For South Africa’s Test captain Dean Elgar, managing his team through bad news has become so routine, that in a pre-series interaction on Tuesday, he didn’t even feel the need to label the happenings of the past two days as “difficult”.
Sporting a brave smile, Elgar said: “No, it hasn’t really been too tough for us. I think as players, we’ve kind of got used to bad news around us for the last year or so. As players, we kind of adapt to it accordingly. It’s not ideal to have these headlines coming up. We just want to focus on our cricket.

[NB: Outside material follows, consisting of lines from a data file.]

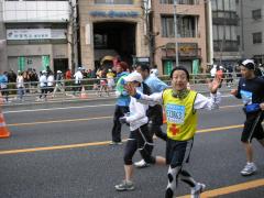 銀座、日本橋を走り、人形町までです。 この区間はまさに多数の観衆にあふれ、まさに東京マラソンのハイライトの始まりですが、さすがに若干の疲れは隠せず、少しだけ遅れだしたようです。
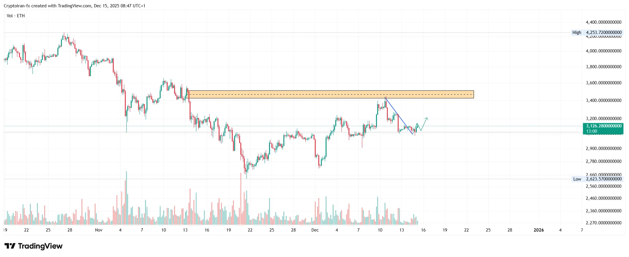 اتریوم بعد از رسیدن به مقاومت ۳۴۴۰ دلار با فشار فروش مواجه شد و مجدد به زیر سطح ۳۱۰۰ دلار اومد. در تایم فریم ۴ ساعته، قیمت در یک روند صعودی قرار داره و تونسته خط روند نزولی خودش رو بشکنه. اگه حمایت ۳۰۲۰ دلار حفظ بشه و قیمت بالای سطح ۳۱۰۰ دلار تثبیت بده، میتونیم به رشد احتمالی قیمت امیدوار باشیم. ناحیه ۳۲۰۰ تا ۳۳۰۰ دلار به عنوان یک مقاومت روانی و محدوده سل ساید به حساب میاد.
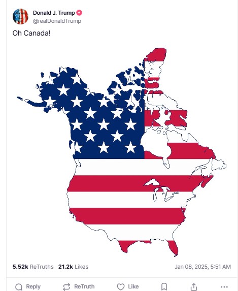 क्रिसमस के बधाई संदेश में वह कनाडा को अमेरिका का 51वां राज्य और ट्रूडो को कनाडा का गर्वनर भी बता चुके हैं। इसके अगले दिन ट्रंप ने लिखा- कनाडा के गवर्नर जस्टिन ट्रूडो के नागरिकों को बहुत ज्यादा टैक्स पे करना पड़ रहा है।

“We want to focus on playing a tough series. We must be mindful that if things are bad off the field, we can’t use that as a cop-out. We focus on cricket and hopefully cricket will look after us,” stressed the veteran opener, who took over as the Test captain in May.
The only bit of sarcasm that Elgar allowed himself during the interaction was while talking about the rapidly changing cricket regime in South Africa. “We’ve had so many different administrators that we don’t even know who’s there now,” he quipped.
Elgar also backed Boucher after former South Africa spinner Paul Adams said he had been called “brown shit” in a South Africa team song by the coach and former SA wicketkeeper. “I know the work they are putting in behind the scenes. It is not nice to see our coaches get lambasted for things,” Elgar said.
‘Ashwin not successful in SA’
Answering a question about the threat that off-spinner Ashwin poses, Elgar said, “He hasn’t had a lot of success in SA. You can’t compare the success he has had against our batters in India because conditions are so dissimilar.”